The last 2 months have been challenging. Events took place which were difficult for me to overcome. Other circumstances which were too much to handle. At first when such events and situations were taking place I remember thinking that it was bad they are happening now I am being trained with maverick because they are keeping me busy and focused on negativity and hardships rather than my mind being available to be trained. Long story short, today another event took place which was less severe but similar to an event which happened before I was on maverick. I took this event hard and I had this thought again. "Another hardship while on maverick...", and then it hit me. Such an event, and even a more difficult one did happen before maverick and i didn't take it that seriously. A domino of thoughts came up while reviewing and rethinking all the other challenges I experienced during maverick. I understood that if I was not on maverick , I would take things easier, differently and they wouldn't have this bold impact on me emotionally.

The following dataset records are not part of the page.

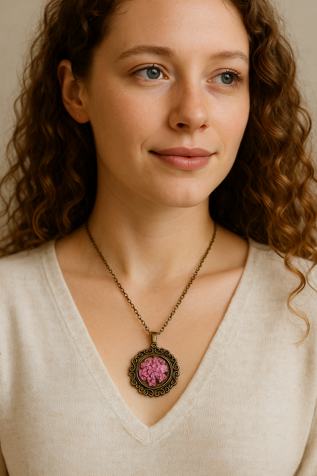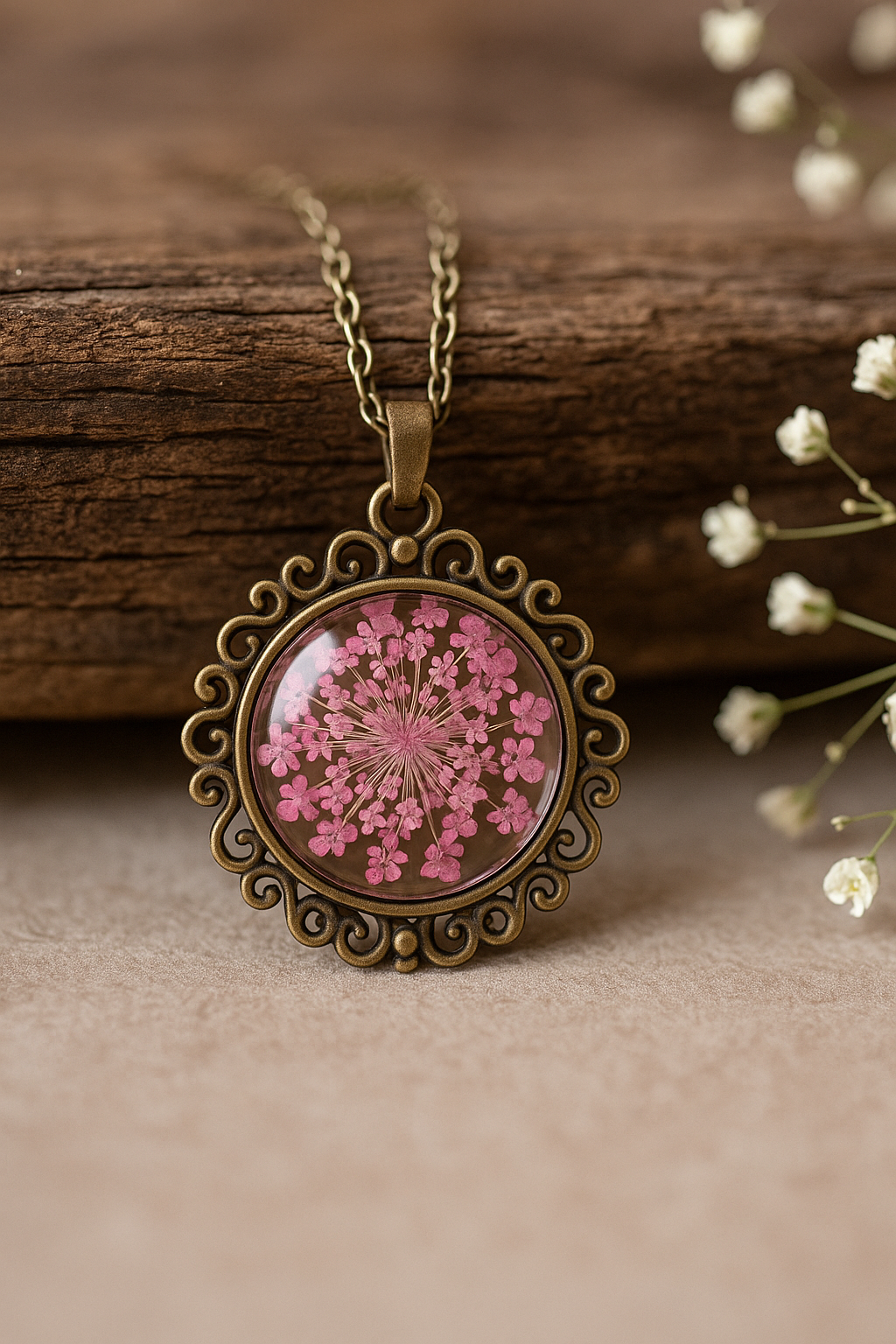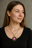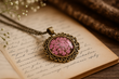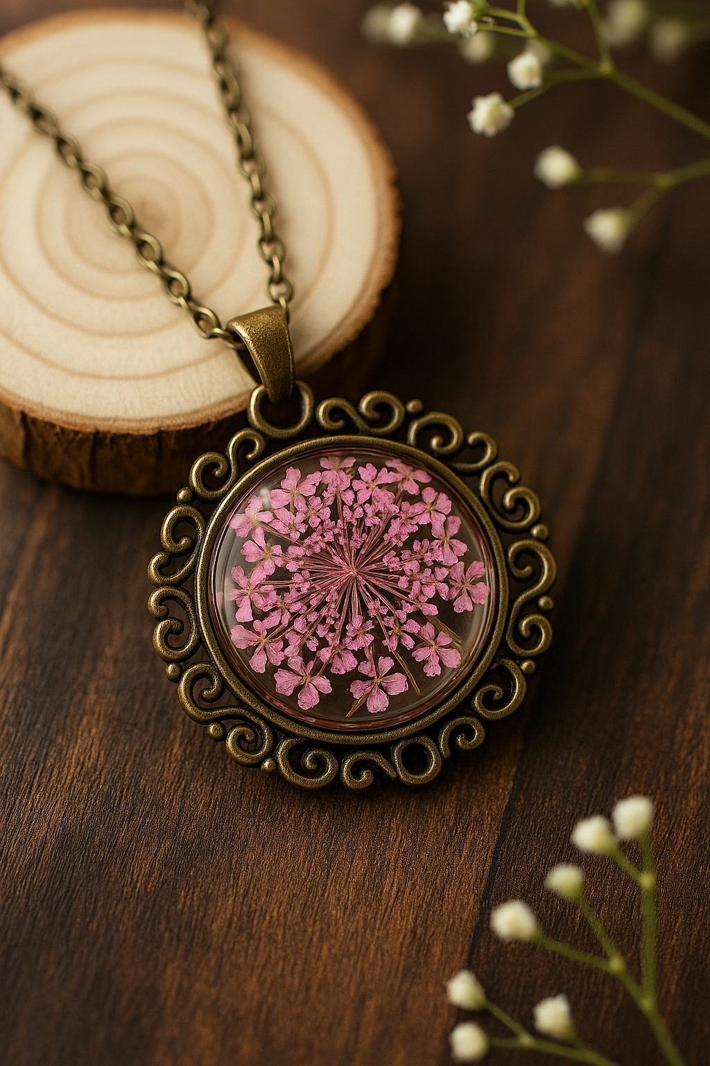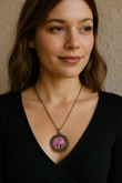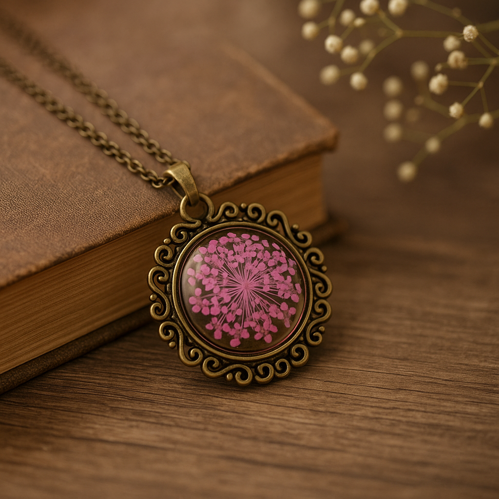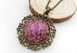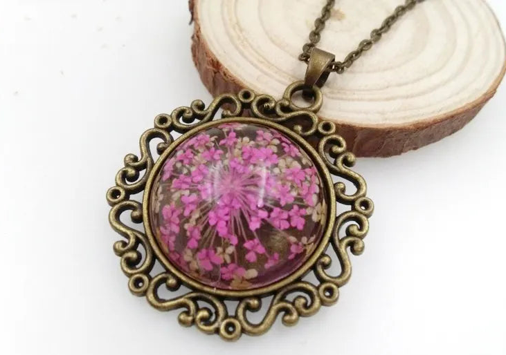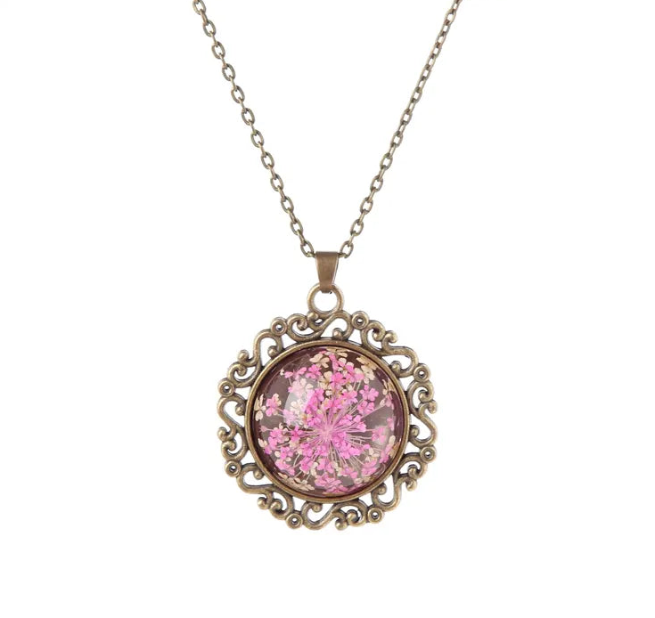 FLO's Vintage Women's Rounded Bronze Pendant Necklace with Natural Dried Flower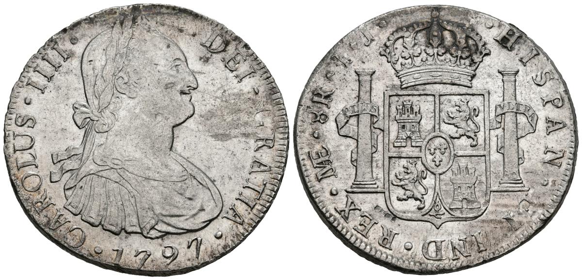 CARLOS IV (1788-1808). 8 Reales. (Ar. 27,03/40mm). 1797. Lima. IJ. (Cal-2019-915). EBC-. Muesca en reverso. Restos de brillo original.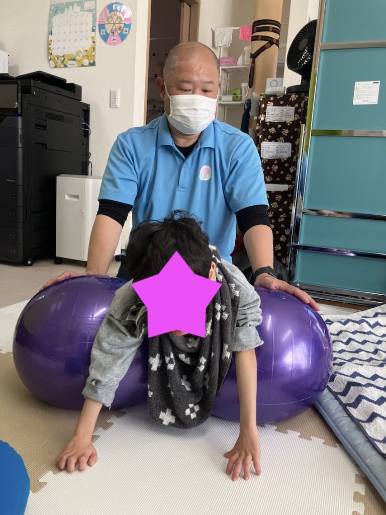 ピーナッツ型のバランスボールでうつ伏せを行っています。写真ではわかりませんが、膝で体重を受ける様にセッティングしています。そして重要なポイントは床に手が着いていることです。手に体重を乗せる目的として、手の発達を促すことと肩甲骨に体重をかける事で、座位の姿勢の安定性を促す事です。うつ伏せはリラックスする目的でも行いますが、同じうつ伏せでも目的によってうつ伏せの方法が変わります。色々なうつ伏せにチャレンジしていきたいです。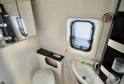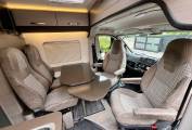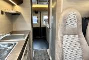 As you enter the van by the electric step you will see the two individual comfort traveling seats and dinette table, both front captains seats swivel to the dining position and the table can be extended if required. Behind the dinette is the wall mounted Avtex Tv and in the locker above is the satellite receiver box, Heating is supplied by a 6Kw Truma heating system.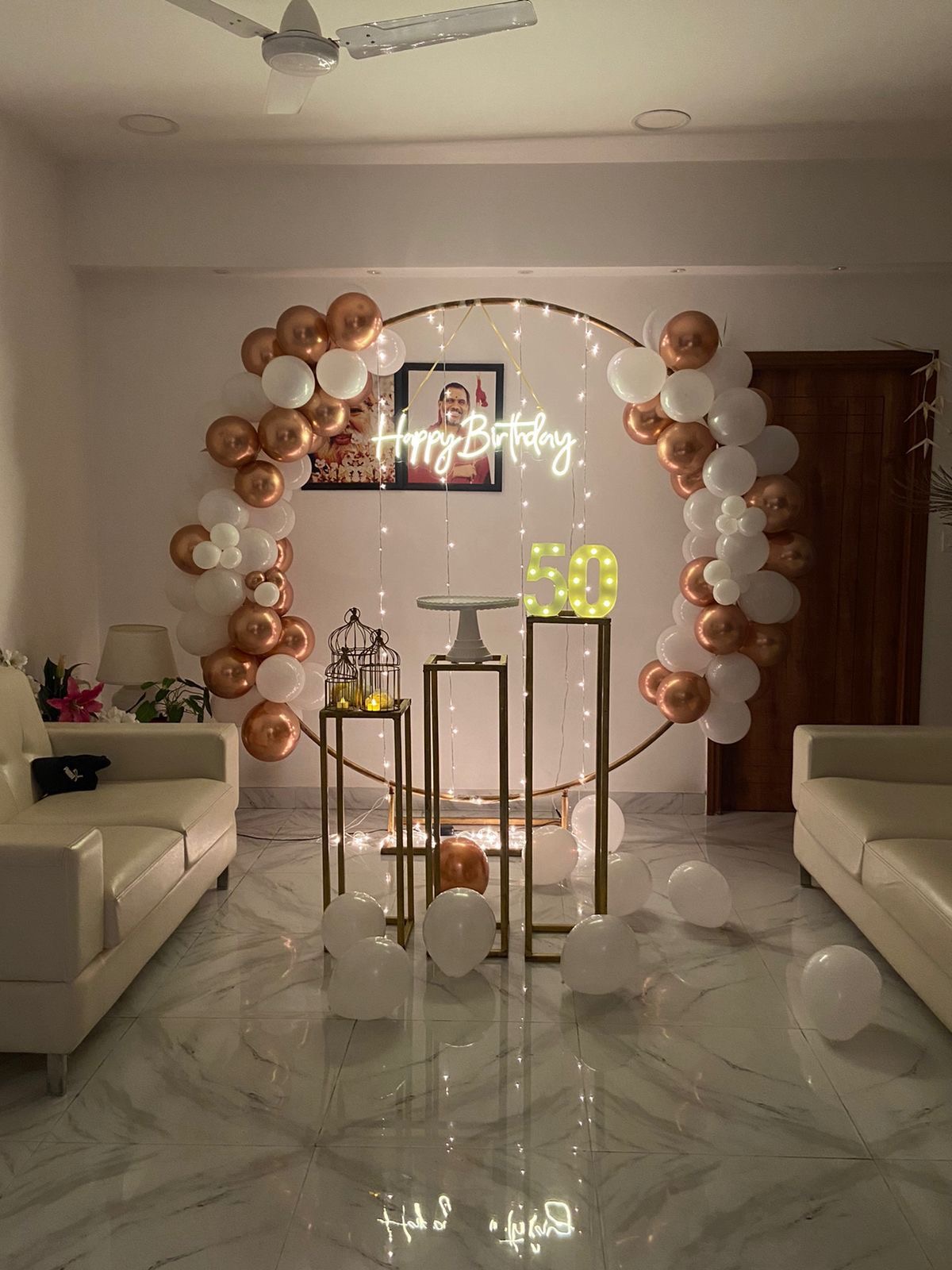 Luxury birthday decoration package including balloon ring backdrop, neon signage styling, milestone LED number props, cake table pedestal stands and elegant indoor event ambience for milestone celebrations.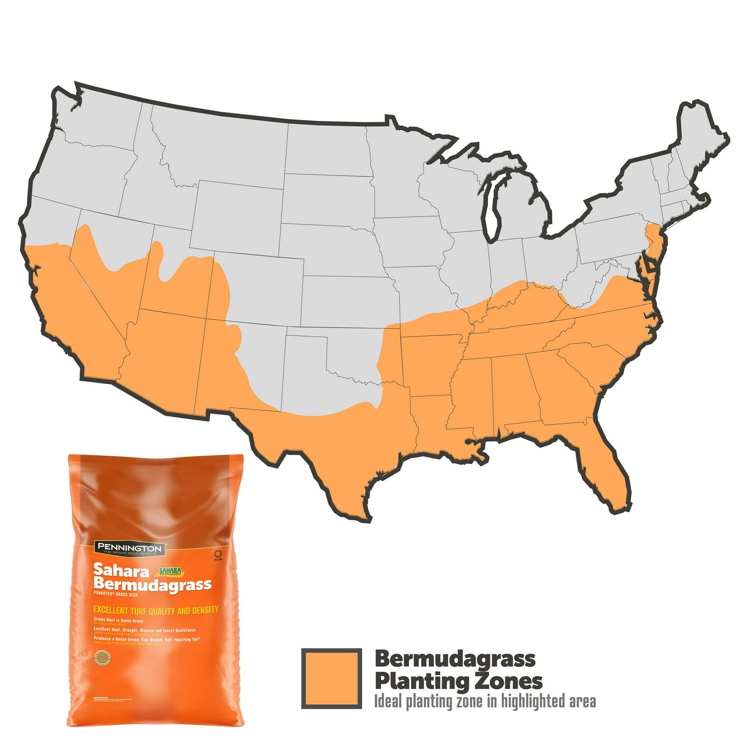 Pennington Sahara Bermudagrass Grass Seed is a hardy variety of drought-tolerant Bermudagrass that has been bred to grow finer and greener than other common grasses. Bermuda is best adapted to southern zones. It is extremely durable and holds up well to heavy foot traffic. It grows well in sunny areas but is not very shade-tolerant. It produces a thick, dark green, self-repairing growth for your lawn that is 99% weed-free.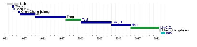 The Mayor of Hsinchu is the chief executive of the government of Hsinchu City. This list includes mayors of the city's provincial era (1982 – present).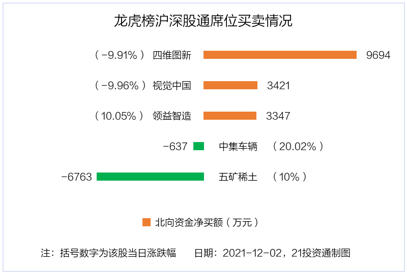 12月2日,北向资金参与龙虎榜中的个股共有5只,其中深股通净买入3 股,净卖出2 股,合计净买入9062.57万元。

I concluded that maverick seems to be keeping me on my toes on areas of my life which I was dangerously relaxed on and let them running on pure luck. I won't go into a long post with details but I was compromising myself heavily. Compromising my safety, security and financial situation.
I'm here again, beaten up and on a dead end, for a third time in two months. I hope what I am experiencing is in fact what is needed to make a change because deep inside I wish maverick would swing a magic wand and make me the man who would handle all these somehow or else I will be having a very hard rest of 2023 as I am feeling heavily beaten up already. The latter seems more probable...
I am also wondering if anyone else on maverick is having a similar experience.
Trust me, I'm entering the 6th month, and it is stripping me down. In your words, "they are keeping me busy and focused on" how distracted I am and how much I lack a genuine purpose. I thought that I had one; perhaps it's just a burnout from that purpose, but I just don't want it anymore.
In spite of it being the same subliminal, we each follow our own path.